Modeling an Association
Look around the room you are in. You will see plugs and sockets. Some plugs are in service (plugged in to a socket) and some are not. Some sockets are being used (occupied by a plug) and some are not (except at the airport, where it seems _all_ of them are being used).
‘plug’ ‘is plugged in to’ zero-or-one ‘socket’. ‘socket’ ‘is occupied by’ zero-or-one ‘plug’.
This is a one-to-one bi-conditional association. For any instance of plug, we can find out if it is plugged in and to which instance of socket it is connected. If we have an instance of socket “in hand”, we can find the related plug if one is there. Association R1 gives us a lot information about the instance populations of ‘plug’ and ‘socket’.
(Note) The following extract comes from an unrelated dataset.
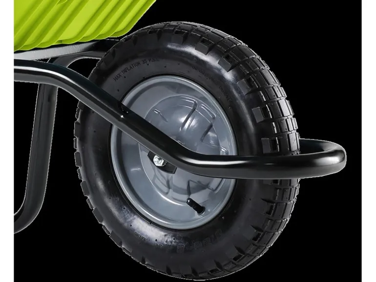 Ergonomische Griffe und ein hochwertiges Luftrad mit Schlauch ergänzen die Ausstattung dieser trendfarbigen Kunststoffmuldenschubkarre.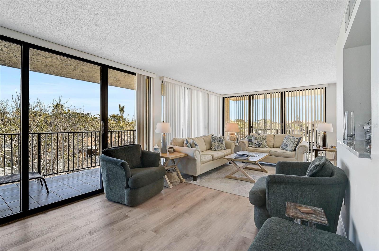 Reduced 20K and Seller Pays Upcoming Assessment! This totally updated 2 bed and 2 bath unit is on the 2nd floor of the West Tower at super well maintained and managed “Our House at The Beach”. The Living room and dining room have an L shape with forty-six feet of sliders that look around nearly 270 degrees. Across the street from what Trip Advisor called the number one beach in the US for 2024 and number 4 in the world, Siesta Key’s vast white sand. Nicely updated with the same gorgeous luxury plank vinyl on all the floors in all the rooms except the baths. The Kitchen is updated with granite and has beautiful stainless appliances. The kitchen features a pass through into living space and is very bright with great views too. A large primary bedroom with lots of windows. Sold totally turnkey, less some owners art and possessions. Two beautifully updated and appointed bathrooms. You’re short steps to all that white sand and you are near all the great shopping, dining and nightlife of Siesta Key village. And this vacation paradise helps pay for itself. It generated almost 33K in gross rental receipts in 2023, 26K in 2024 with the storms and is outlooking 39K plus this year as well. And that’s with owner use too. The complex has a 45K assessment to replace glass with impact etc. and the seller is paying it all. Finding this much value in such a well-kept unit could cost substantially more. Weekly rental means you get more of the year booked if you want it. The complex features 2 tennis courts and a heated pool and a covered pavilion with grilling area. Your own full-size washer and dryer in your unit. Picture yourself and your guests spending the day at the beach etc. and then relaxing on your two huge balconies. It has its own assigned and covered parking spot too! Our House At The Beach is pet friendly - allowing OWNERS one small pet - to 15 lbs. These units rarely become available – the last sale in the West Tower last year was for substantially more.

Consider modeling current flow. In which class do we want to model the current flow?
Also called “ternary associations” and “link classes”, associative classes model relationships as data. Instead of just a line with role phrases, the full power of class, attributes and state modeling can be applied to clearly specify the relationship. Associative classes also can participate in other associations.
In our ‘plug’ and ‘socket’ model, we could have modeled ‘current_flow’ on either or both of ‘plug’ and ‘socket’, although it is more clear to model the flow of current through the connection since this flow is through both. ‘Resistance’ would not make sense on the ‘plug’ or the ‘socket’. The resistance to current flow is a function of a particular ‘plug’ being connected to a particular ‘socket’.
In complex systems, the relationships between resources in the system are often a focus on study. In such systems there are limited resources that must be allocated and shared. One object in a system will “want to be associated” with another object, but it is busy. Such patterns can leverage associative classes nicely.